Suppose that regulation of greenhouse gas emissions from power plants would produce large benefits in 30 years—but only modest benefits today. Suppose at the same time that these same regulations require businesses to make a series of increasingly costly changes to their operations over the next several decades.
Since 1981, both Republican and Democratic presidents have required government agencies to calculate the cost and benefits of proposed regulations and to proceed only if the benefits justify the costs. To the surprise of many observers, President Joe Biden recently embraced those requirements, which means that cost-benefit analysis is likely to play a central role in his presidency.

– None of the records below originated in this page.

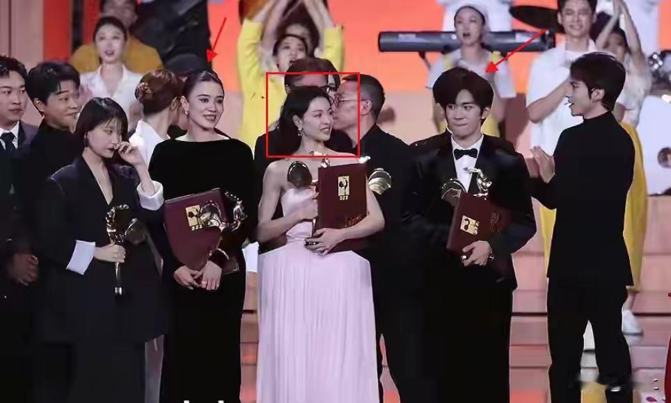 她简直太想红了,居然又一次争抢C位。这次更夸张,让影后和影帝一左一右给她当陪衬,她也真的好意思。 在第38届金鸡奖上,钟楚曦荣获最佳女配奖,宋佳摘得最佳女主奖,易烊千玺获得最佳男主奖,站位留影时,钟楚曦抢占了C位。 钟楚曦抢C位已不是头一回了。上次她抢刘亦菲和杨幂的C位,这次更过分,直接站到女主和男主中间,脸上笑得那叫一个灿烂。 就算你抢到了C位,可人家就是比你有实力、有作品,这些你抢得走吗?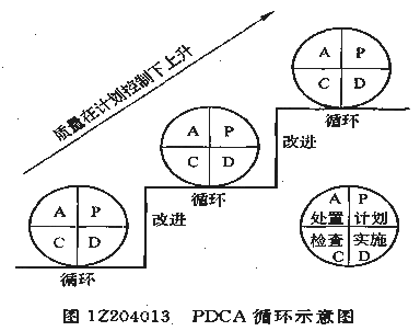 PDCA循环(图1Z204013),是人们在管理实践中形成的基本理论方法。从实践论的角度看,管理就是确定任务目标,并按照PDCA循环原理来实现预期目标。由此可见PDCA是目标控制的基本方法。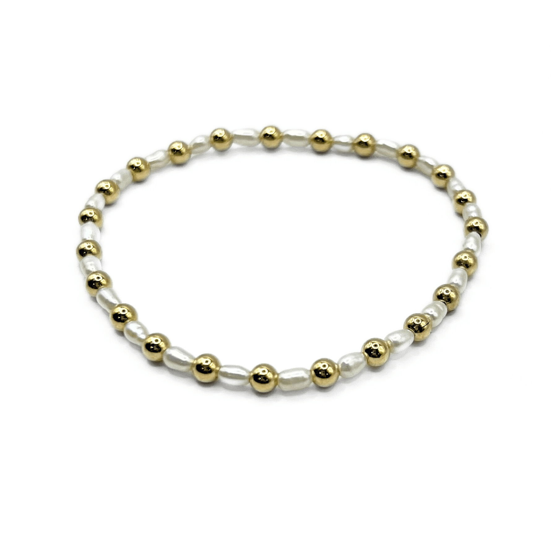 14k gold filled beads with fresh water pearls stretch bracelet. Wear single or stack it. Part of our erin gray waterproof collection. Available in 6.5" and 7" bracelets.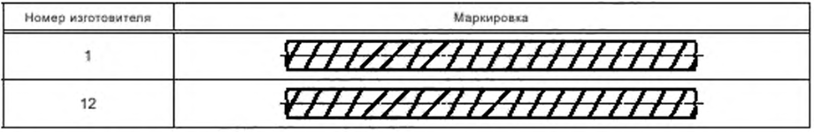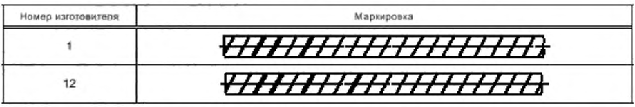 Допускается маркировку изготовителя наносить цифрами, соответствующими присвоенному номеру по та блице В.2. Пример маркировки приведен на рисунке В.1е.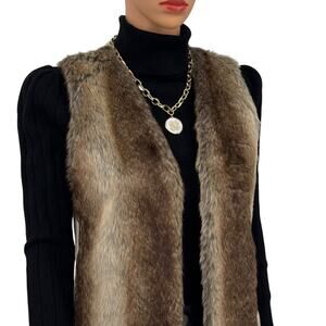 Liz Claiborne Womens Faux Fur Sweater Vest Shaker Knit Back Sz S Pockets Long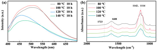 Figure 6 presents fluorescence spectra of coal-based CDs derived from different reaction temperatures and times. It is observed that the PL intensity of CDs increases first and then decreases with the reaction temperature. As for the spectra of FT-IR, most functional groups of the structure change a little with the increase in reaction temperature except the C–O bond. While high temperature facilitates oxidation, promoting C–O formation, it also results in the release or decomposition of nitric acid, reducing the effective reaction time between acids and coal. The C–O signal reaches its highest value for CDs at 100 °C along with PL intensity. Previous research demonstrated that polar functional groups can be the main fluorescence auxiliary, enhancing the fluorescence greatly [41]. The consistency between the evolution of C–O-related signals and PL intensity indicates that C–O groups may contribute to the PL behavior of the coal-based CDs.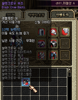 - 레어 아바타만의 독특한 능력치인 마을에서 이동속도 증가 옵션이 추가됩니다!
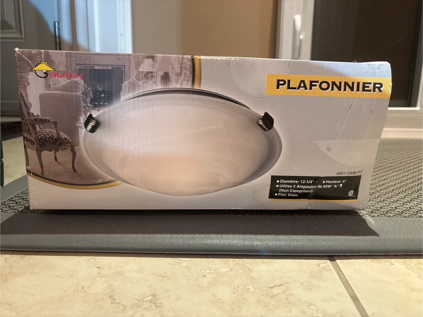 39Selling a Galaxy Plafonnier ceiling light still in its box! - Diameter: 12-1/4" - Height: 4" - Requires 2 x 60W "A" lightbulbs (not included) - Finish: Pewter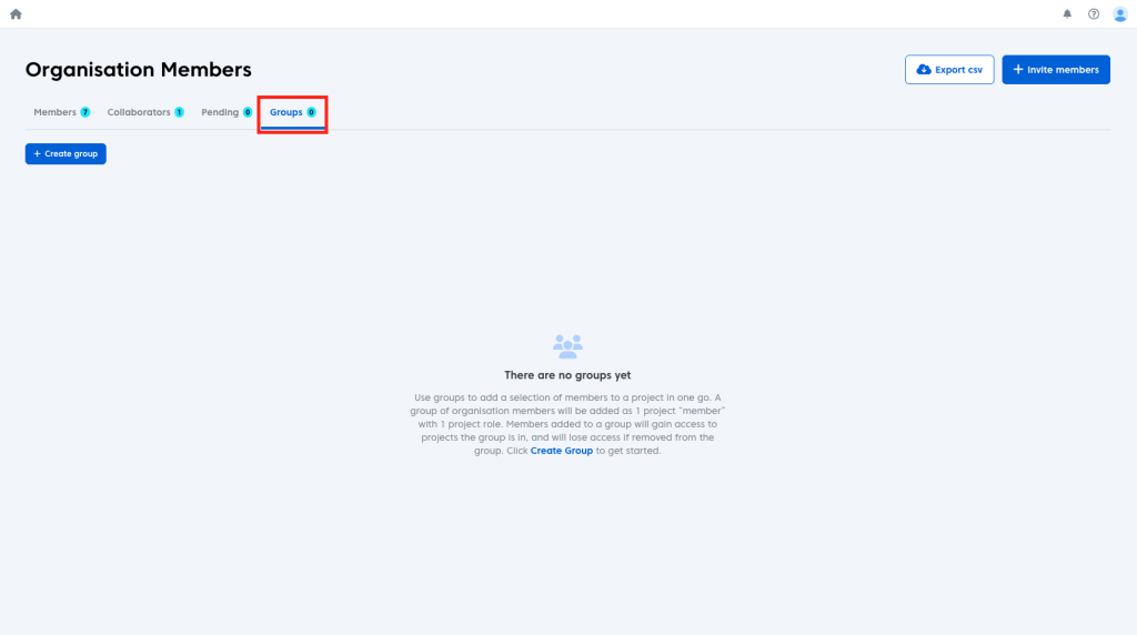 - Then click the ‘Groups’ tab on the ‘Organisation Members’ page.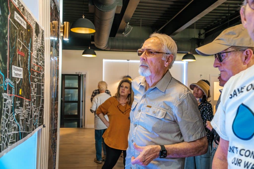 Studying maps of the development and protesting the potential contamination of area groundwater back in February 2025, including a sign outside Grey Forest City Hall reading: ‘Just Say No to Medicines In Your Drinking Water. Join Us.’ Images: Greg Harman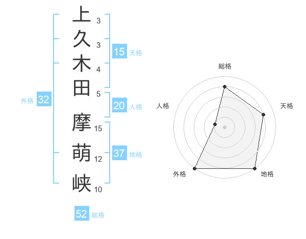 上久木田 摩萌峡さんの総格は52画の4点!
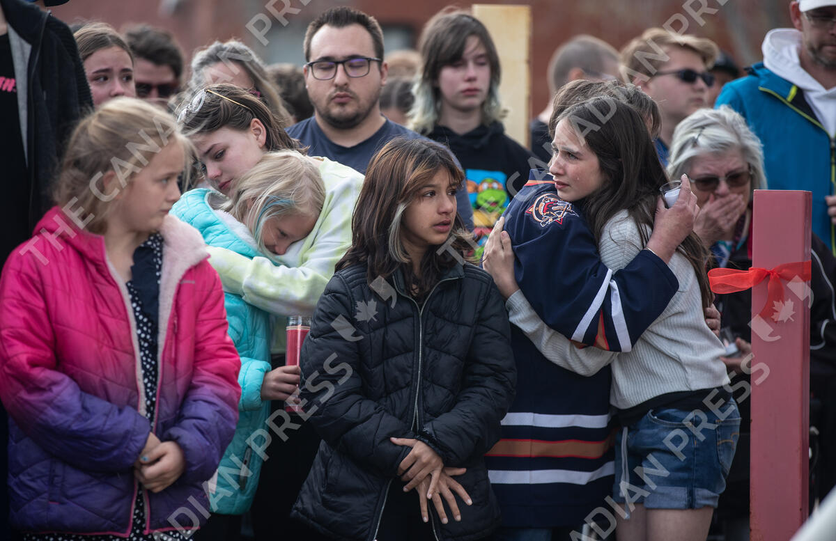 Family and friends console each other at a vigil for a mother and an 11-year-old child who were killed outside a school in Edmonton on Saturday May 6, 2023. THE CANADIAN PRESS/Jason Franson
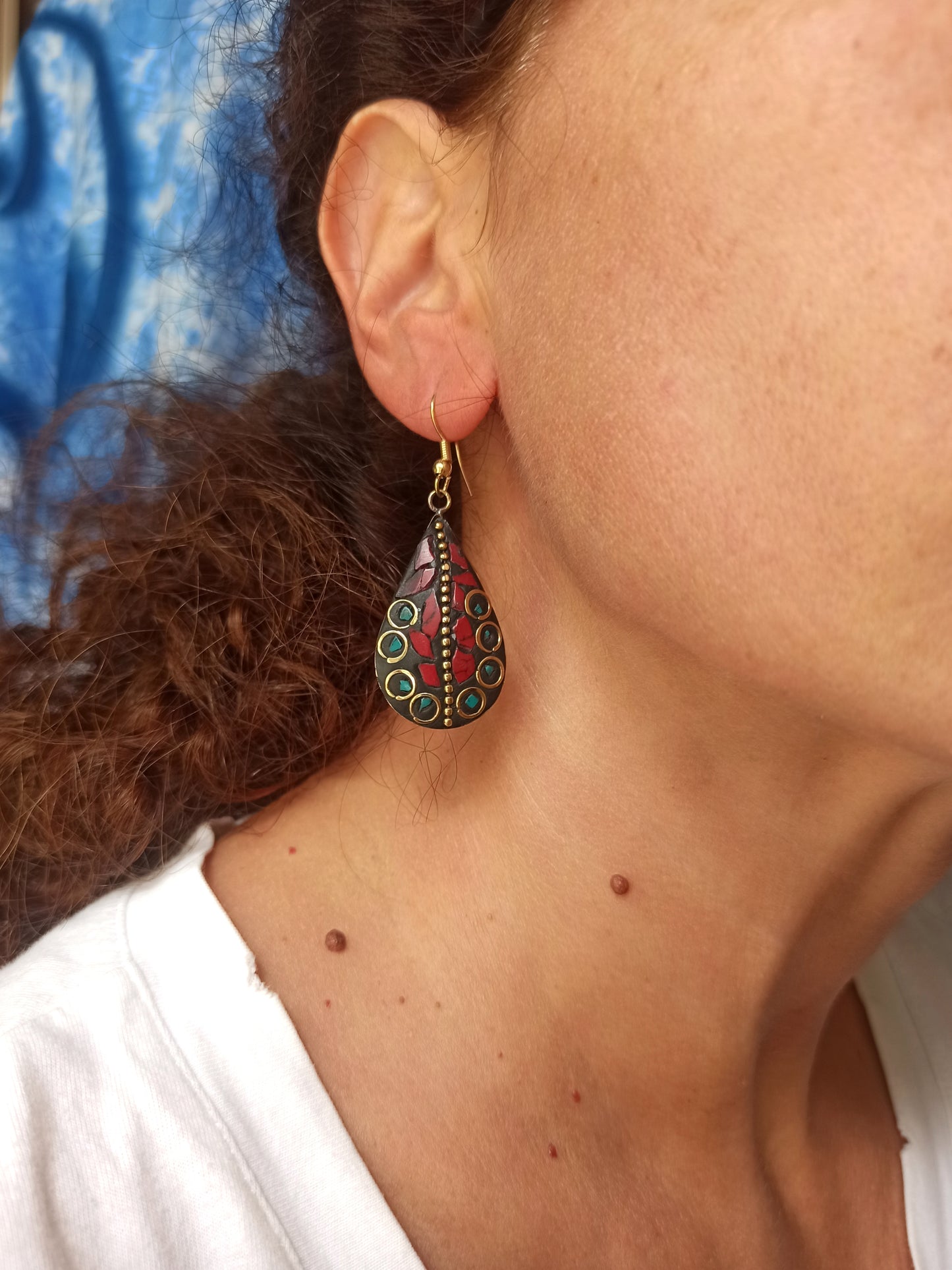 Golden metal earrings with red and turquoise chip mosaic worked according to the Nepalese tradition.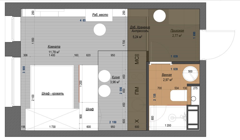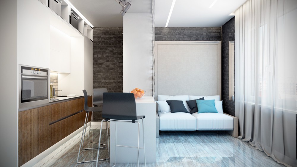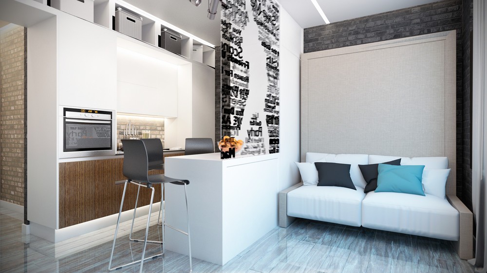 Gorgeous and efficient! This home centers around a living and sleeping area in neutral colors with blue accents, utilizing a Murphy bed from Clei Italy to preserve floor space without giving up any comfort or sophistication. This home offers abundant inspiration for anyone who needs to work around the smallest of interior floor plans.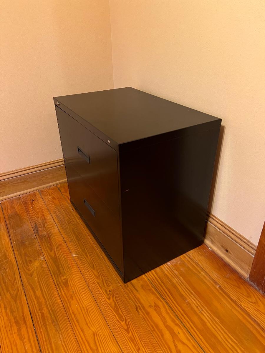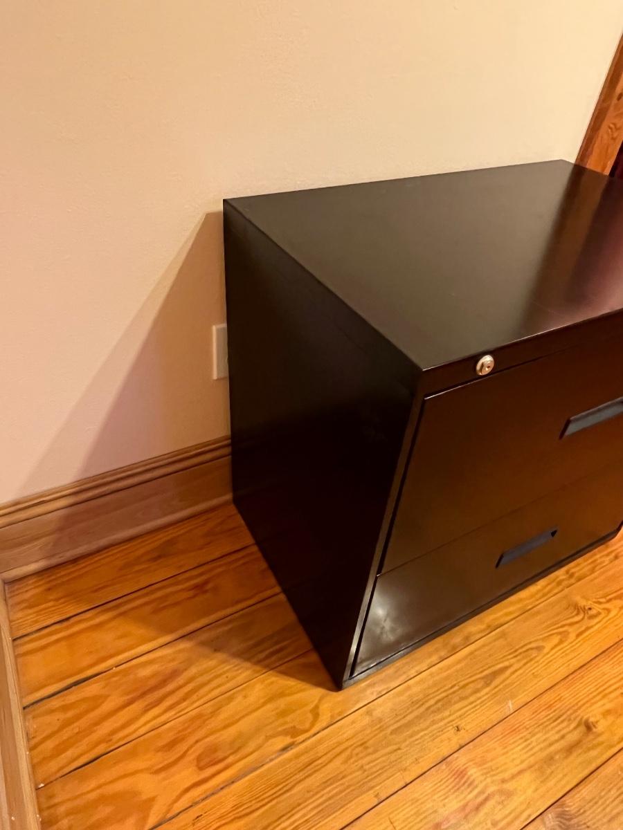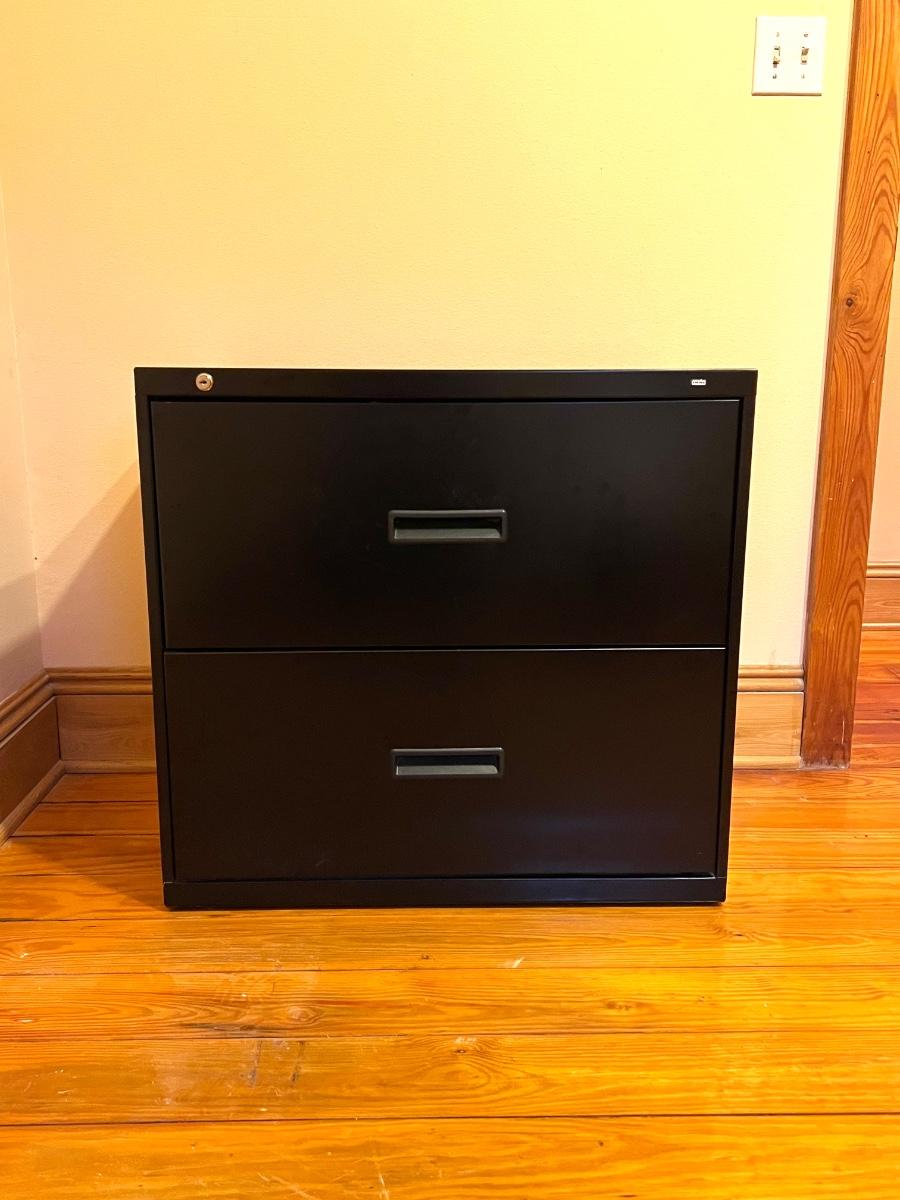 Drawers slide in and out easily. No Key ~ Normal Wear & Tear ~ 28.5” H x 30” W x 19.5” D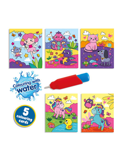 Discover the magic of colouring with water and paint the white areas on each book page using a magic brush for mess-free colouring fun.
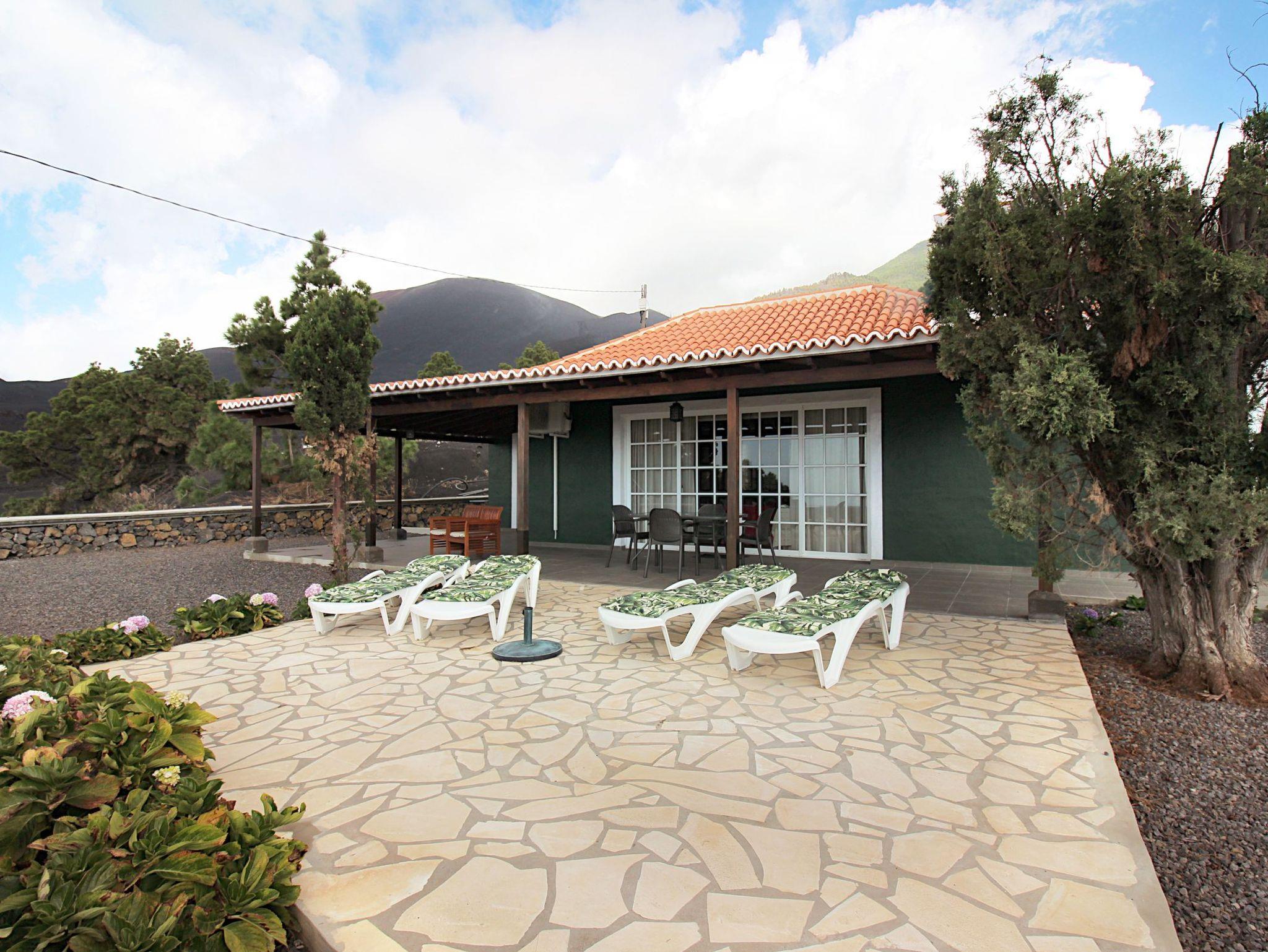 Der erkaltete Lavastrom des im Jahr 2021 ausgebrochenen Vulkans Tajogaite führt direkt an der Terrasse des Hauses vorbei. Zum Haus kommen Sie über die neu gebaute Straße, die durch den Vulkanfluss führt.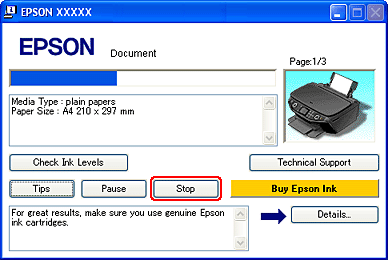 Paina Stop/Clear-painiketta ja peruuta käynnissä oleva tulostustyö.

When costs and benefits unfold over many years, as they often do, regulators have to choose an all-important number: the discount rate. That number determines the value today of regulatory costs and regulatory benefits that arrive in the future. The intuition is that benefits enjoyed today are worth more than those that occur in 2030, while we would rather incur costs in 2030 than today. Within the federal government, future costs and benefits are now “discounted” at an annual rate of 3%—a figure used under the presidencies of both Barack Obama and Donald Trump.
But that number has become exceptionally hard to defend. In some cases, the 3% figure will support indefensibly costly regulations. In other cases, it will support indefensibly weak ones.
Profound changes in international capital markets over the last several decades mean that the Biden administration should conduct a transparent and inclusive review of discounting, which we expect would lead to reducing the discount rate to 2% or possibly less. Doing so would produce immediate, substantial changes in the projected costs and benefits of countless regulations.
The reason for this change has nothing to do with politics. It is required by widely accepted economic principles and federal precedent. And though it may sound like a narrow technical issue, it has an enormous impact. Every year, the federal government makes hundreds of decisions that impose costs on the private sector in exchange for expected benefits. Sometimes both costs and benefits will occur in the near future. But sometimes the major costs will be faced in the coming decades, and sometimes the benefits will be delayed.